Size bir tarih dersi vereyim de kafanız berraklaşsın.
Ancak öncelikle, araya bir konu sokuşturmasam içim rahat etmezdi. Soracaksınız, her yazında İzmir’den mi bahsedeceksin? Söz veriyorum ciddi bir durum olmadığı sürece artık İzmir konusu açmayacağım. Bu son olacak.
Bugün öğrendim İzmir’de CHP gençlik kollarında ‘sosyal medya’ krizi olmuş. Eski bir ilçe gençlik kolları başkanını zamanında eleştirmiştim. Ancak dünkü paylaşımına da katılmadan geçemeyeceğim. Hakkını vermek gerekir. Buraya bir not düşüyorum. Cumhuriyet Halk Partisi’nin tarihini hiç okudunuz mu? Kurucu değerlerinden, parti kültüründen ve bu uğurda ödenen bedellerden haberdar mısınız? Bu parti, gençlik kolları tarihinde büyük izler bırakmış bir geleneğe sahip. Peki, bugün bu gelenek nasıl bir noktada? Şu an yaşananlar, bu tarihe ve değerlere yakışıyor mu? Ne yazık ki, yakışmıyor.
Anti-demokratik uygulamalar, bu partinin gençlik kollarına asla yakışmaz. Kanlarını satarak Bülent Ecevit’i tarihi bir konuşma yaptığı çalıştaya getiren gençlik kollarının ruhuna hiç uymaz. Bu duruma nasıl geldik? Düşünün, geçtiğimiz aylarda İzmir’de bir gençlik kolları kongresi gerçekleştirildi. Bu kongrede iki aday yarıştı. Sonuç olarak, Karşıyaka’dan bir il başkanı seçildi. Tıpkı geçtiğimiz dönemlerde olduğu gibi. Peki, bu değişim örgütte neyi değiştirdi? Açıkça söylemek gerekirse, hiçbir şeyi. Aksine, işler daha kötüye gidiyor. Önceki başkan Kotan döneminde, 30 ilçenin 27’sinde seçimle gelen başkanlar görevden alındı ve yerlerine atamalar yapıldı. Üstelik, görevden alınan başkanlardan biri Kotan’ın kendi evinden bir isimdi. Devrim, önce kendi evlatlarını yer. Böyle mi bir şeydi?

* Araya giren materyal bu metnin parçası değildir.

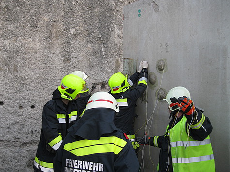 Nachdem der eingeteilte Übungsleiter BM Marco Kreuzer die ersten Erkundungen durchgeführt hatte, entschloss er sich zum Einsatz des Sondersprengverfahrens "Rette- und Bergesprengen". Nach zwei Sprengungen und anschließender mechanischer Nacharbeitung konnten die eingeschlossenen Personen gerettet werden.
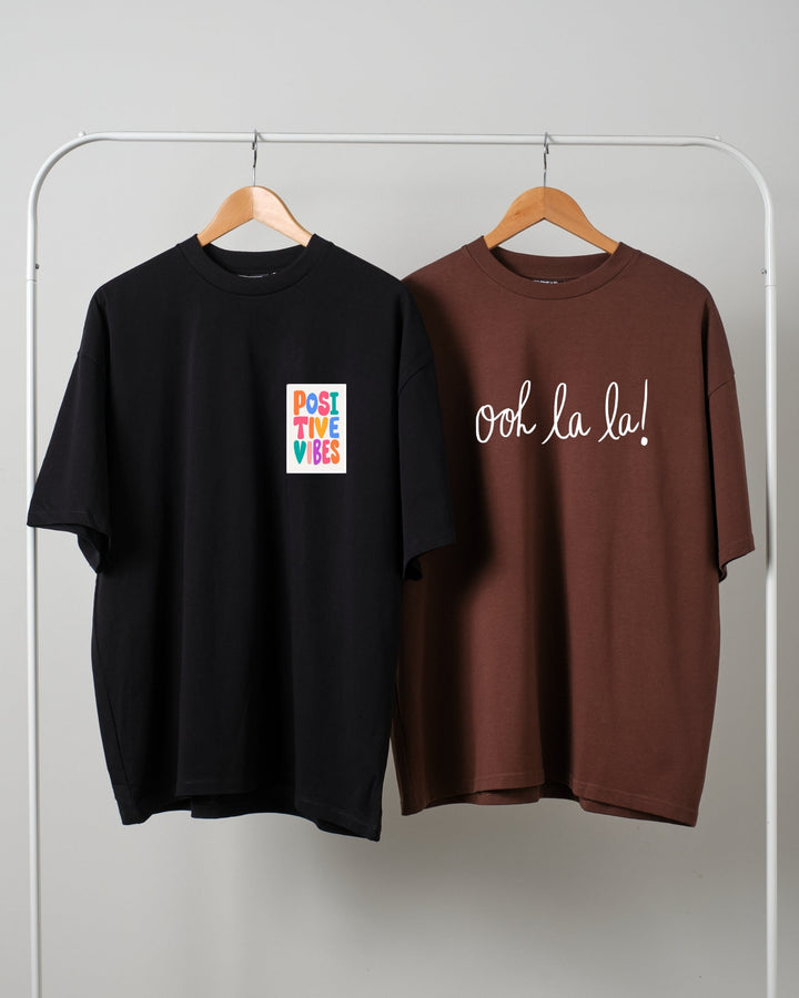 Pack of two drop shoulder t-shirts (posotive - oh lala)

Zaman geçti, Kotan başka bir ilçenin başkanını seçimde destekledi, ancak seçimi kaybetti. Yeni seçilen başkan yine Karşıyaka’dan oldu. Geçen haftalarda ise duyuyoruz ki, seçimde kendisine muhalif olan ilçelerden iddaya göre savunma talep ediliyor. Gerekçe olarak, il etkinliklerine katılmamaları gösteriliyor. Ancak bir başka soru sormak gerek: İl etkinliklerine katılan ilçeler, katılmayanlar kadar örgütlü mü?
Bu süreçte bir gerçek daha gözler önüne serildi. Seçimde Kotan’a karşı değişim umuduyla Ruhsar Selis’i destekleyenler geçte olsa farkedecekler ki: İsim ve cinsiyet değişmiş olabilir, ancak zihniyet aynı kalmış gibi görünüyor. Bu durumun fark edilmesi uzun sürmeyecek. Partinin gençlik kolları ve örgüt yapısında demokrasi, liyakat ve şeffaflık yeniden tesis edilmediği sürece, CHP’nin değerlerine yakışır bir çizgi yakalaması mümkün değil.
Dönelim konumuza.
Dünya üzerinde, ülkelerin kendi içlerinde yaşadıkları sorunları bile olumlu yönde yöneten kişiler vardır. Hitler dönemi Almanya’sında ise Hitler’in başarısının arkasında, onu çok iyi tanıyan ve kıvrak zekâsıyla onu Almanya halkı gözünde ilahlaştıran bir propaganda bakanı bulunuyordu. Goebbels’in yaptıkları, belki de dünya üzerinde hayret uyandıran propaganda çalışmaları arasında yer aldı.
Almanya ile Kızıl Ordu arasında geçen Stalingrad Savaşı’nda, Almanya savaşı kaybederken Goebbels, yaptığı konuşma ile Alman askerlerini ve halkını savaşı kazandıklarına, hatta Moskova’ya gireceklerine inandırmıştı. Bu hareketiyle birçok kişinin canına kasteden Goebbels’in aklında, yüce Almanya’nın ve Hitler’in dünyada yenilgiye uğrayamayacağı algısını yaratmaktı. Ancak ülkemizde yaşananlar, aklımızla dalga geçmektedir. Türkiye’de yaşananlara inanın ki, Goebbels yaşasaydı, bu duruma şapka çıkarırdı.